The people who brought you the armed forces for millennials earlier this year are back in action promising a cleaner, greener war machine. Don’t laugh. After opening the British Army recruitment floodgates for ‘snowflakes, selfie addicts, class clowns, phone zombies, and me, me, millennials’ (just the people you’d want on the front lines of a major conflict) Chief of the General Staff, General Sir Mark Carleton-Smith, at a security event in London last week, promised to up the army’s environmental creds. It’s about time.

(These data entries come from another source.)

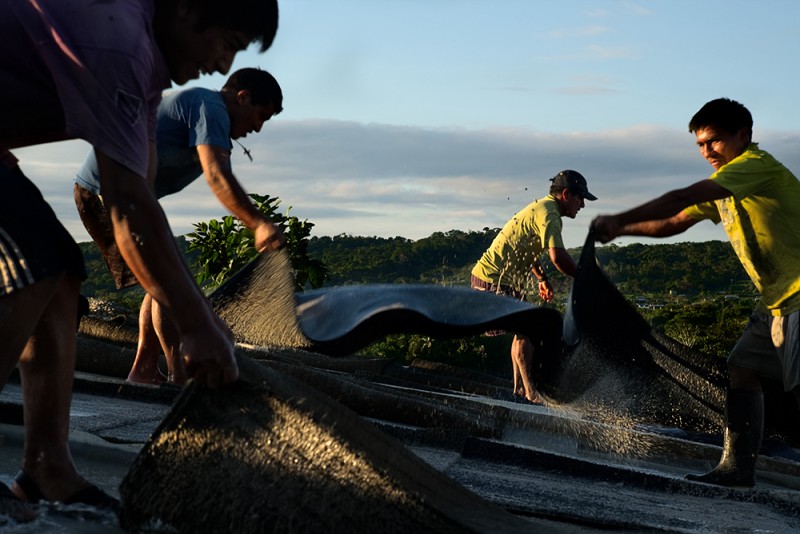 Peruvians call themselves “the mining country.†Gold mining is the foundation of life in the Madre de Dios river valley. To extract the gold, quicksilver is used for binding the gold particles together. This mercury-gold ball is heated and the quicksilver evaporates, leaving pure gold. Up to 20 tons of gold are produced in Madre de Dios annually by 60,000 miners scattered around more than 85,000 square kilometers. No miners can legalize their activities in Madre de Dios because of contradictory laws. Fifteen percent of the gold mining in Peru is illegal, generating twice as much profit as drug-dealing.
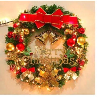 圣诞装饰圣诞花环圣诞节礼物场景布置圣诞挂藤花环30CM红结花环 带灯电池款
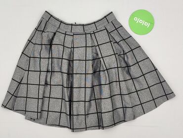 Spódnica Sinsay, rozmiar M - Krój: rozkloszowana, z głębokimi zakładkami z przodu i z tyłu, podkreślająca talię. - Wzór: szara tkanina w czarną kratkę (regularna siatka kwadratów). - Zapięcie: suw...
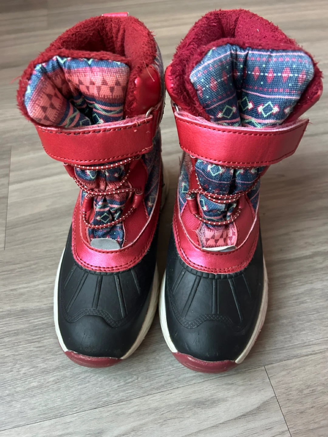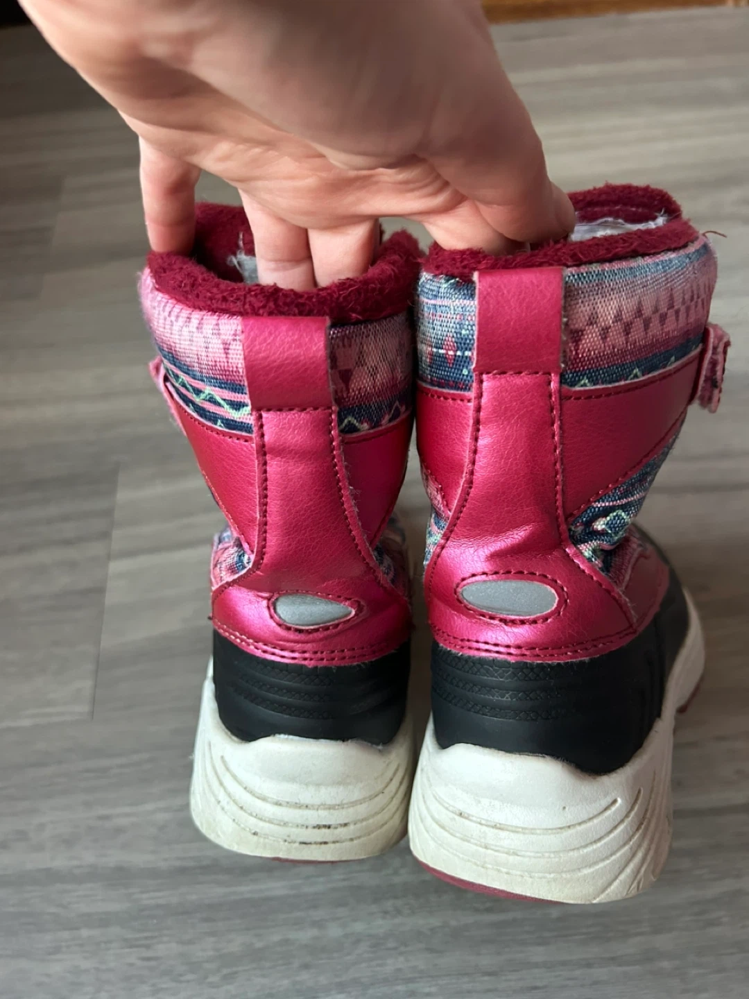 Keep your little one's feet warm and stylish with these adorable pink and black winter boots! They're in good condition and ready for some snowy adventures. The boots feature a comfortable lining and a secure velcro strap for easy on and off. Size 13.

The British people can all now sleep safely in their beds, secure in the knowledge that:

The Army is leading defence on sustainable energy solutions, both at home and when deployed overseas. We may be at the inflection point of how we power our next generation of vehicles. Our current equipment programme is possibly the last to be dependent on fossil fuel.

Huzzah!

Carleton-Smith was worryingly light on details about exactly which alternative power sources could possibly take on the huge job of powering the army’s tanks, trucks and armoured personnel carriers. Nuclear (God forbid)? Biomass? Solar? ‘Stop the war, I need to charge my solar-powered batteries!’ should be music to the ears of Britain’s enemies.

The general was upbeat, considering that this change in direction would:

[G]ive the British Army considerable operational benefits, such as reducing our logistical drag, and also puts the Army … on the right side of the environmental argument, especially in the eyes of that next generation of recruits that increasingly make career decisions based on a prospective employer’s environmental credentials.

So, the main thing is that a new level of eco-friendliness will attract eco-warriors to the army’s ranks. You know, the ones whose primary life skill involves glueing themselves to roadways and disrupting traffic.

Personally, I think wind power might be able to do the job. The vacuous and very woke voices of the army and beyond should provide more than enough of that.